How Managers Create an Innovation Culture at Work

How Managers Create an Innovation Culture at Work

A problem many managers have is sticking to one business practice for too long, even if it was driving profit in the past.

Although it may sound logical, businesses today are required to change quickly.

A 2016 study showed that 63% of consumers pay more attention to companies that offer new products. Additionally, 83% of customers will pay more for an innovative product.  

How do managers create teams with a culture of innovation to keep up with modern business demands?

Learn how managers create a culture of innovation at work in this post.

They apply the lean approach to innovation

The lean approach puts “business model” before “business plans”. It is a customer-centric approach that quickly eliminates waste and demands managers engage with customers and teams.

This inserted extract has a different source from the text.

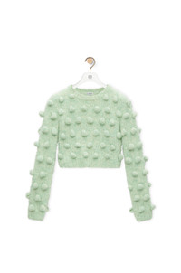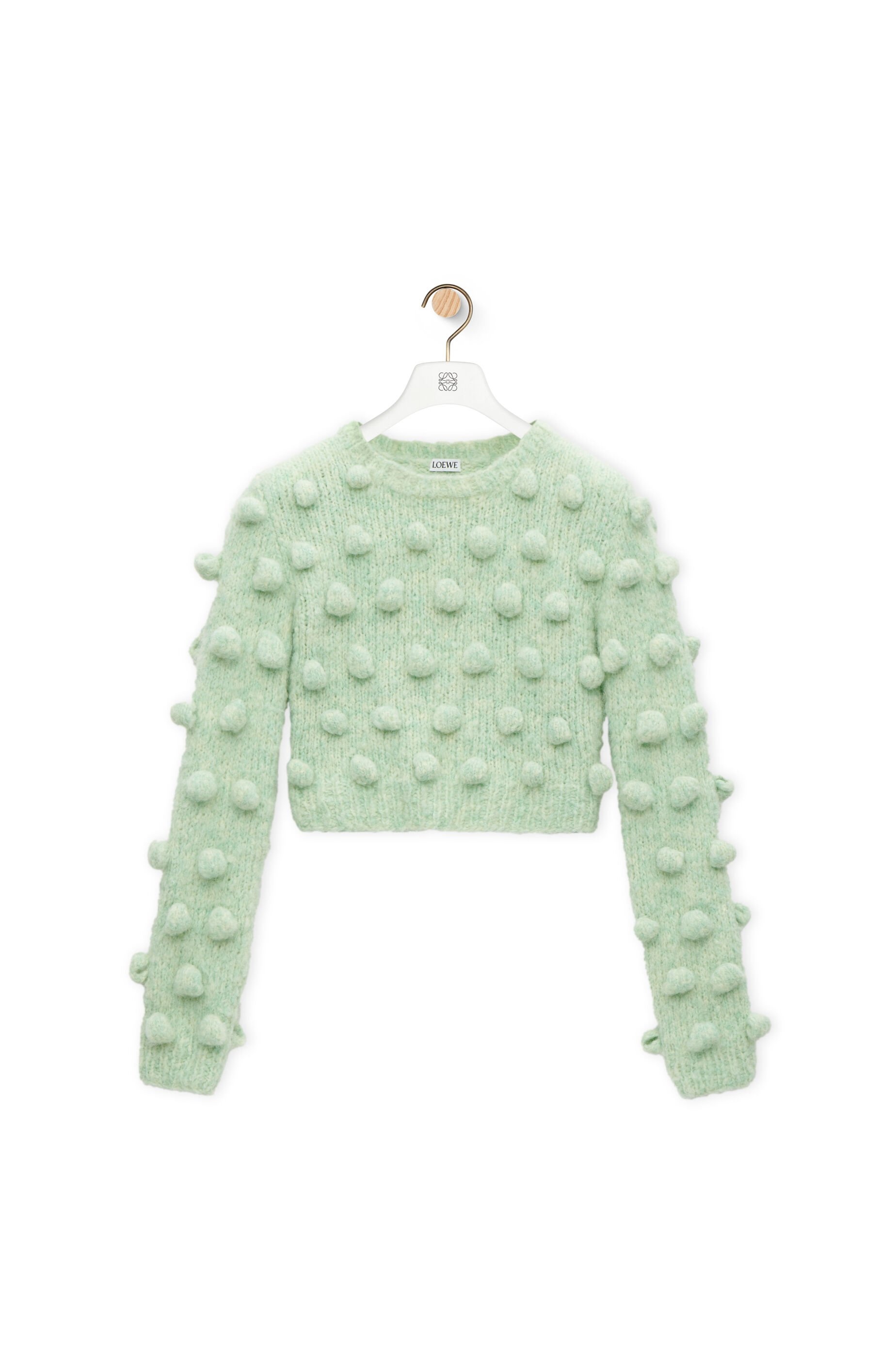 Sweater crafted in medium-weight alpaca blend knit. - Hand knitted - Small fit - Cropped length - Allover bubble details - Round neck - Ribbed collar, cuffs and hem - Anagram engraved charm placed at the back Details - Colour : Mint - Main material : Acrylic/Alpaca/Wool - Weight : 0.2 kg - Model ID : S359Y14KF9 - Made in : Republic of Macedonia

Most importantly, it places emphasis on achieving perfection.

Anyone who has worked in a large corporation knows the difficulty of being an innovative thinker in a company run as a bureaucracy.

Corporate leaders who view rapid change as dangerous soon find out failing to innovate costs customers, jobs, and hurts company reputation.

In 2014, the US discovered small and mid-sized companies stole 1% of market share from large enterprises.

This may not sound like a lot, but consider 1% of 100 million dollars is more than enough to have a small, lean team with innovative business practices.

They collaborate with everyone

Pretending technology in one industry cannot work in another leads to ignoring intelligent people outside your circle with valuable knowledge.

Anyone who has attended a “Tech Meetup” or tech conference like CES knows all technology can be used across all industries.

For example, virtual reality started off as video gaming gear. Now, it is in the early stages of being used in healthcare, retail, education, and more.

Teams that collaborate with others get to learn how one innovative idea can be applied across industries.

They get to know their customers

True innovation starts with knowing your customers’ needs like the back of your hand.

Managers who take the time to engage customers learn to stop judging them and start thinking like them.

Managers who know their customers have an easier time discussing new ideas with teams.

Here is a way to get to know your customers

From Find My Profession experience, we know our clients and how they think. We know filling out job applications is a tedious task.

Understanding this, we try and find new ways every day to help clients in more ways than filling out applications.

We also know from client experiences how the largest corporations have the worst technology for applying to jobs online.

Large corporations use outdated technology on application forms. It can take as long as 30 to 40 minutes to complete one job application.

We cannot help all clients by trusting this one method alone. It takes engaging clients and learning what they experience.

Finally, one of the current staff is a former client of Find My Profession. The first-hand experience of going from “job seeker” to “assisting job seekers” offers customer perspectives that drive innovative thinking.